La historia comienza, como habitualmente, en la tienda del anticuario Ezra Winston, el narrador, y con un objeto, una cerámica griega, decorada con escenas de la mítica batalla. Es una réplica, no una pieza original, y Ezra hace el memorable elogio del copista: “Una copia, cuando no es falsificación, es una obra de amor: aparte de lo que representa, la copia atesora el amor del copista”. Oesterheld está hablando de lo que hará: volver a contar a su manera y con sus propios énfasis una historia que ama, que viene de Heródoto, que ha visto acaso en el cine hace unos meses. O no. Lo importante es que Mort Cinder ha estado allí y escucharemos/veremos su relato.
Es interesante poder confrontar, en paralelo temático e ideológico, esta última lectura de Miller con aquella de hace más de cuarenta años. En la versión de Oesterheld-Breccia están todos los elementos clásicos. Sólo que uno de los trescientos espartanos sobrevive: Dieneces. Y Mort es Dieneces, claro. El personaje no es inventado sino histórico –también lo menciona Miller– pues Heródoto lo inmortalizó poniendo en su boca una de las réplicas más arrogantes y reveladoras del valor y la soberbia espartanos. “Es el mundo todo el que nos ataca, Dieneces. Cuando los persas disparen sus arcos contra nosotros, las flechas serán tantas que oscurecerán el sol”, le dice su amigo Alpheus. “Mejor: pelearemos a la sombra”, replica Mort-Dieneces sin inmutarse. Y Oesterheld no necesita subrayar el vínculo íntimo entre ambos, la solicitud amorosa que los mantendrá recíprocamente pendientes.
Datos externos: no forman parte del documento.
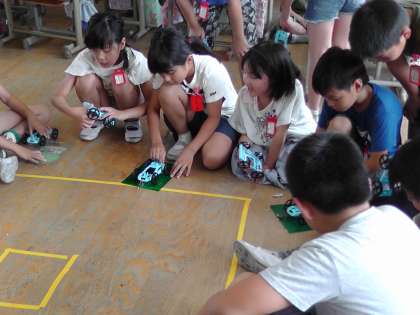 ゴムの力を使ってものを動かす実験をしました。子ども達は,ゴムを長く伸ばすと自動車の実験セットが遠くまで走り,短く伸ばすと少ししか走らないことに気づいていました。とっても楽しそうです。
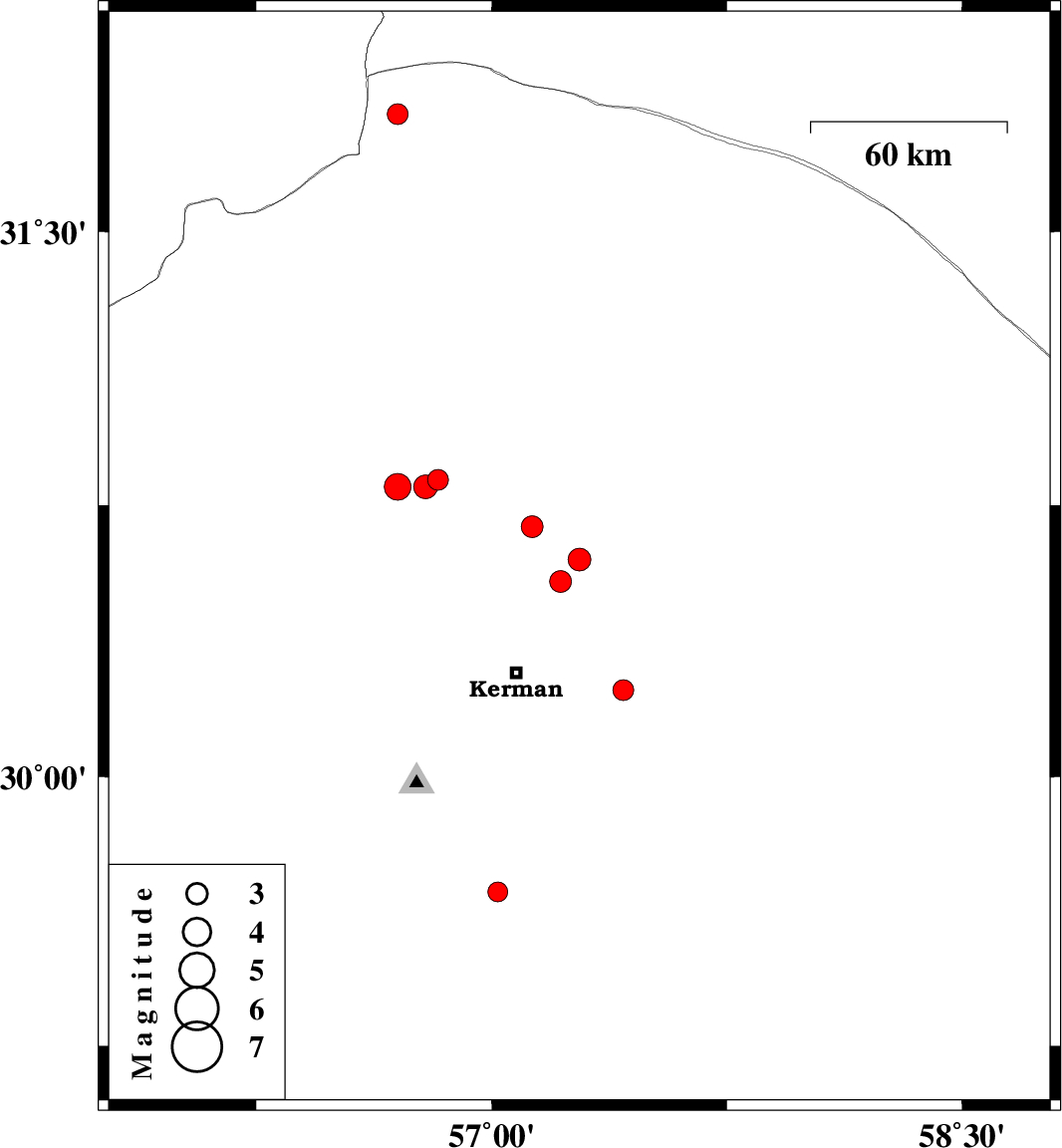 | 2010/11/20 | 02:39:52.5 | 06:09:52.5 | 30.24 | 57.42 | 6 | ML:3 | Kerman Province, 33 km East of Kerman | ||
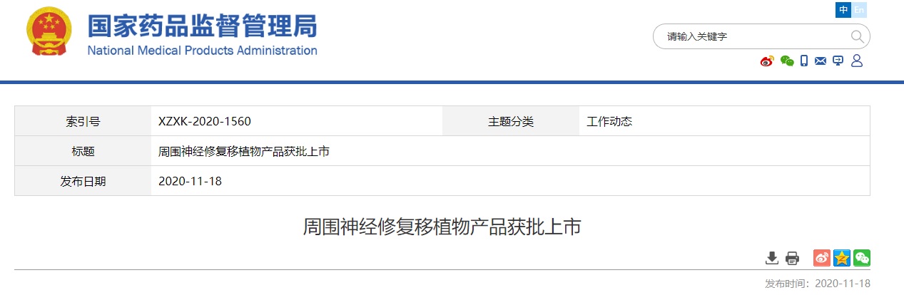 近日,國(guó)家藥品監(jiān)督管理局經(jīng)審查,批準(zhǔn)了江蘇益通生物科技有限公司生產(chǎn)的創(chuàng)新產(chǎn)品“周圍神經(jīng)修復(fù)移植物”注冊(cè)。
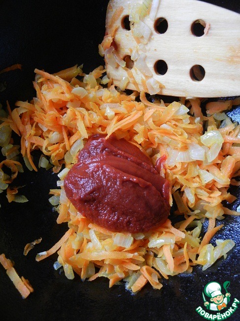 Добавляем морковь, перемешиваем и тушим около 3-х минут. Затем добавляем томатную пасту и перемешиваем еще раз.
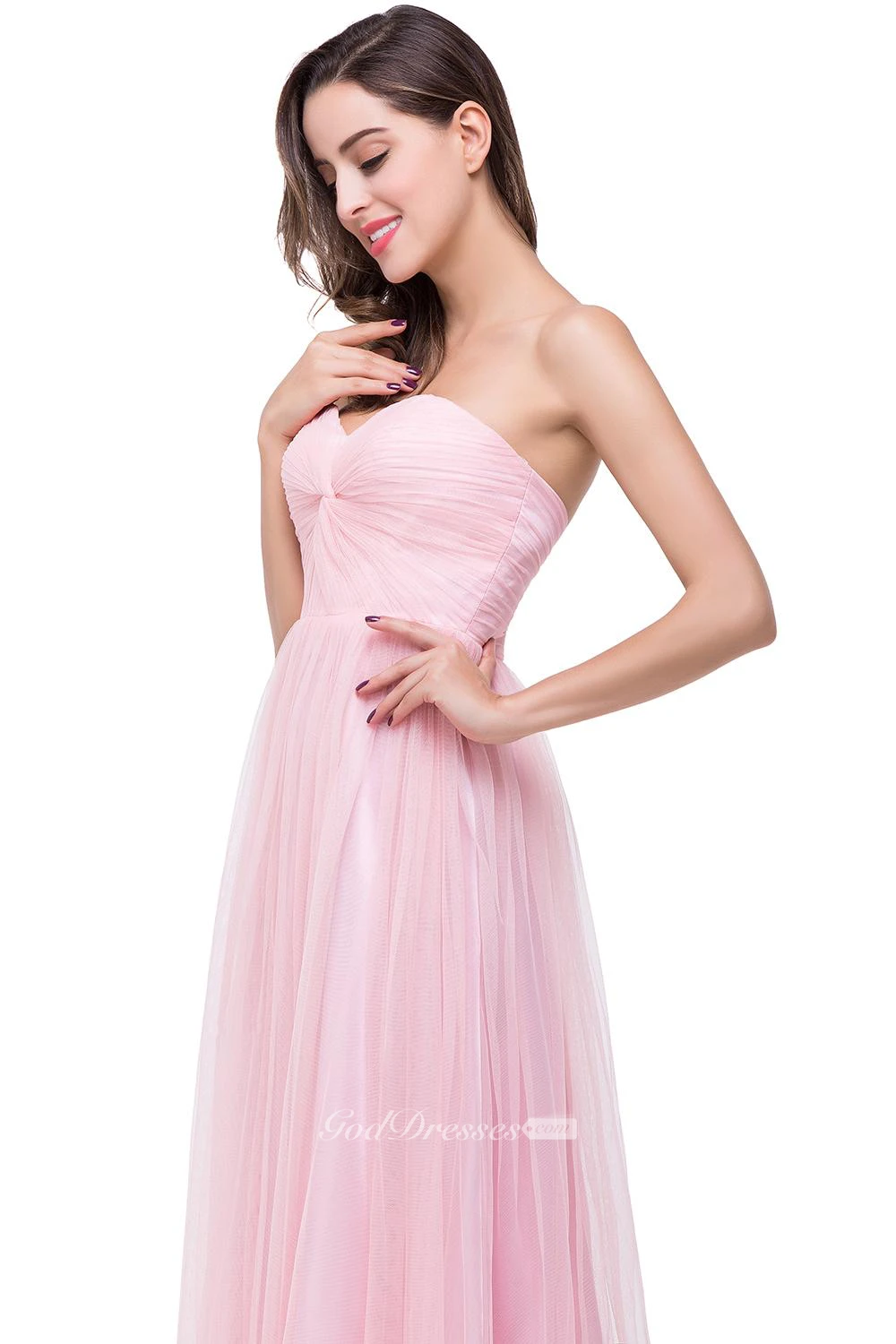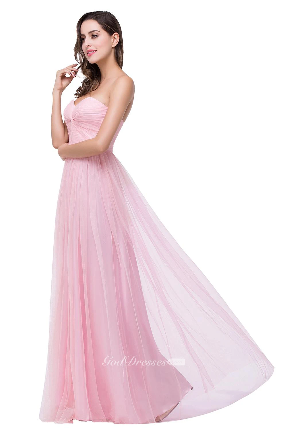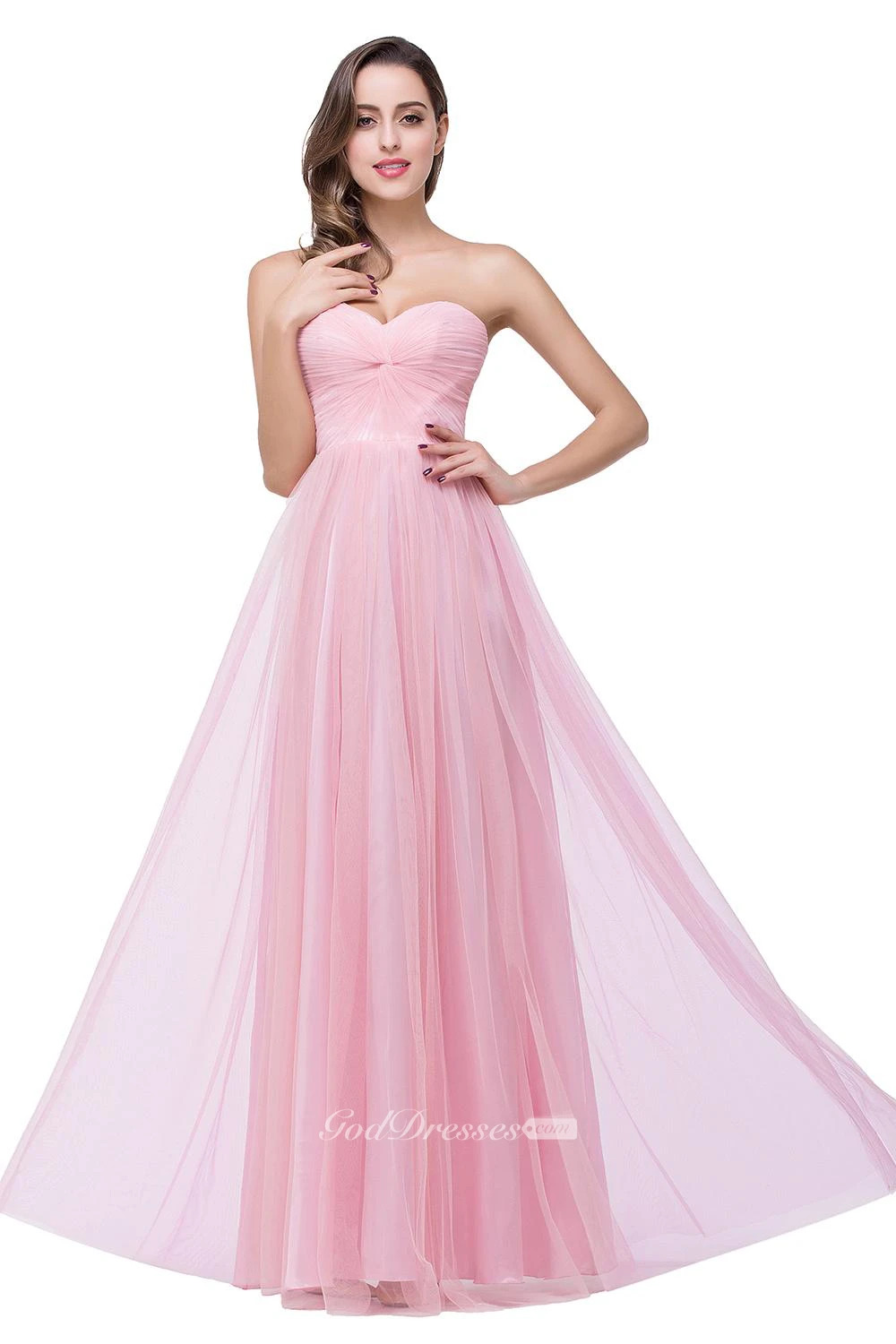 Elegant Sweetheart Pink Bridesmaid Dress Ruched Long Prom Gown

A lo largo de toda la historia, pero sobre todo a partir de la revelación de que los griegos han sido flanqueados –no está el tema del traidor Efialtes, que se vende a los persas, los entrega–, junto a la valentía jactanciosa crece otro tema: la certeza de la muerte inevitable. “Moriremos riendo” dice Leónidas, y mientras los enemigos se apilan en parvas de cadáveres en el estrecho pasaje, Dieneces mata y ve morir. Pero en Oesterheld-Breccia, los espartanos son más griegos que marines: no ultiman prisioneros, ayudan a morir a los suyos. No trivializan la muerte, la respetan. Por eso este Jerjes, triunfante pero asqueado, de últimas le concederá la libertad y la vida a Dieneces porque, ante la tortura inminente, lo reconoce moralmente superior: no teme al dolor y la muerte, es superior a él, rey de esclavos, es “rey de sí mismo”.
Por eso, el episodio de las Termópilas en Mort Cinder trasciende largamente la anécdota heroica para transformarse en una reflexión serena y sombría sobre el sentido del sacrificio. También acá, como en El Eternauta, se estaba hablando del ominoso porvenir.